- French: Le Dernier Souffle
- Directed by: Costa-Gavras
- Screenplay by: Costa-Gavras
- Based on: Le dernier souffle: Accompagner la fin de vie by Régis Debray; Claude Grange;
- Starring: Denis Podalydès; Kad Merad; Marilyne Canto;
- Cinematography: Nathalie Durand; Olivier Rostan;
- Music by: Armand Amar
- Release dates: September 2024 (San Sebastián); 12 February 2025;
- Running time: 97 minutes
- Country: France
- Language: French

= Last Breath (2024 film) =

2024 French film by Costa-Gavras

Last Breath (Le Dernier Souffle) is a 2024 drama film directed by Costa-Gavras. It stars Denis Podalydès, Kad Merad, Marilyne Canto and Ángela Molina.

== Plot ==
Fabrice Toussaint, a philosopher and author, undergoes an MRI and is diagnosed with cancer. He meets doctor Augustin Masset, who is in charge of a palliative care unit. They both speak about the end of life and reflect on their own lives. Toussaint also visits some of Masset's patients and analyses how they face their last days in order to write a book about it.

== Cast ==
- Denis Podalydès as Fabrice Toussaint
- Kad Merad as Augustin Masset
- Marilyne Canto
- Ángela Molina as Estrella
- Charlotte Rampling
- Hiam Abbass
- Karin Viard
- Agathe Bonitzer

== Production ==
Costa-Gavras wrote the script, based on the actual book the philosopher Régis Debray wrote alongside doctor Claude Grange.
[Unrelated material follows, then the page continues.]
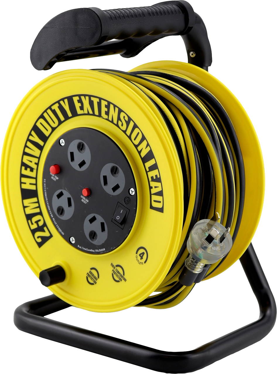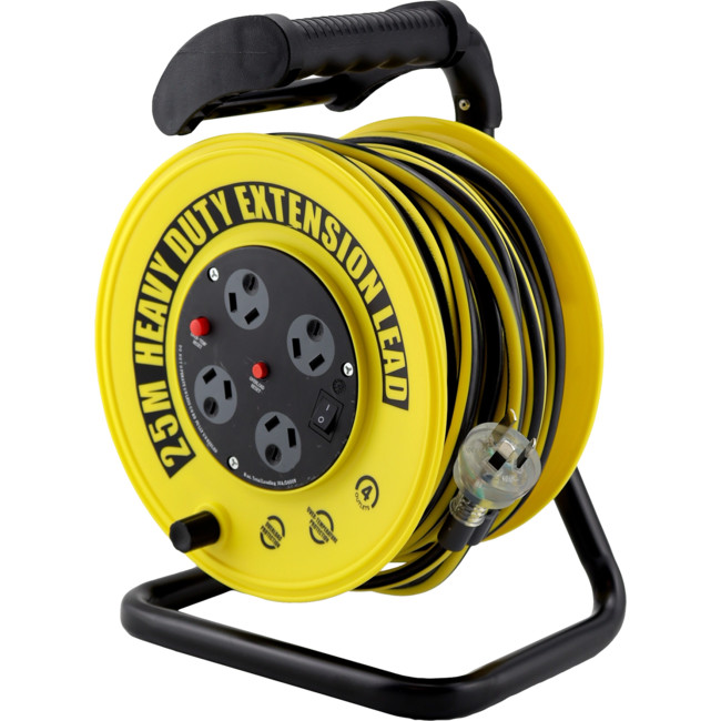25 meter heavy duty power extension cable on a handy reelwith 4 way in-built power board

His wife, Michèle Ray-Gavras, and their son, Alexandre Gavras, were producers.

== Release ==
Last Breath had its world premiere in the official competition of the 72nd San Sebastián International Film Festival. The film was pre-released on 10 February 2025 in Versalles. It was released theatrically in France on 12 February 2025.

== Reception ==
Carlos Boyero, writing for El País, stated that the film is "didactic and honest".